Coronary artery anomalies comprise several different congenital malformations and can be found in 0.3 to 5.6% of the population. They can be classified as benign and malignant depending on the vessel course and the potential risk of major cardiovascular events [3].
Trans-septal course of LAD is a malignant coronary anatomy variation since it is a potential cause of sudden cardiac death (SCD) in young athletes. Strenuous physical exercise in patients showing this anomaly has been, in fact, associated with SCD. Among the most important factors responsible for cardiovascular events, there is the dynamic compression of the artery during the cardiac cycle, leading to reduced blood flow during systole [4].
The clinical spectrum of L-ACAOS with a trans-septal course is wide and can mimic other acute heart conditions. Symptoms associated with this condition could be chest pain, syncope, dyspnea, and, as told before, SCD typically after physical exertion [4, 5].
The best non-invasive imaging technique to evaluate the anatomic features of L-ACAOS is ECG-gated CT angiography. This technique can show the most life-threatening features of the anomaly and has a high spatial resolution.
Including this case, there are 6 cases of the right single coronary artery with a subsequent trans-septal course of the left main coronary artery reported in the literature [6].
In the presented case, ICA was not able to show coronary artery anatomy, because the intraseptal tract of the LAD was probably associated to flow anomalies leading to reduced opacification after injection of contrast material in the right sinus of Valsalva. Thus, CCT played a major role in the assessment of coronary artery anatomy. The use of a 256-slice scanner with a very low rotation and acquisition time was of paramount importance for obtaining diagnostic images. In fact, AF often limits the diagnostic accuracy of CCT with conventional CT scanners.

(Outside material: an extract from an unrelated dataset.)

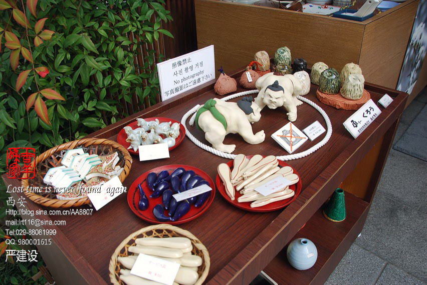 走进森陶瓷馆、朝日陶庵、清水烧陶瓷器本铺,看到1套2寸大小的仿古组人像,标价6500日元/套,以为是八仙,凑近前看看,原来是日本七福神。据说正月初,日本有祭七福神习俗。七福神指惠比寿神、大黑天、毗沙门天、辩财天、福禄寿神、寿老神、布袋神。

Furthermore, to evaluate myocardial ischemia due to L-ACAOS, the best option is stress-ECG, to mimic physical exercise. Alternatively, an inotropic and chronotropic agent (e.g., dobutamine) with other non-invasive imaging techniques such as cardiac magnetic resonance (CMR) or echocardiography could be useful to simulate physical exertion [4].
Among invasive imaging techniques, intra-vascular ultrasounds (US) are the most useful for the evaluation of anatomical and physiological features of L-ACAOS is ICA, which is effective also in post-surgery follow-up [5].
The most effective and established therapy for this anomaly is surgery, with the un-roofing of the intramural segment and the creation of a neo-ostium, aiming to eliminate dynamic systolic compression, thus reducing the risk of myocardial ischemia and therefore SCD [4, 5].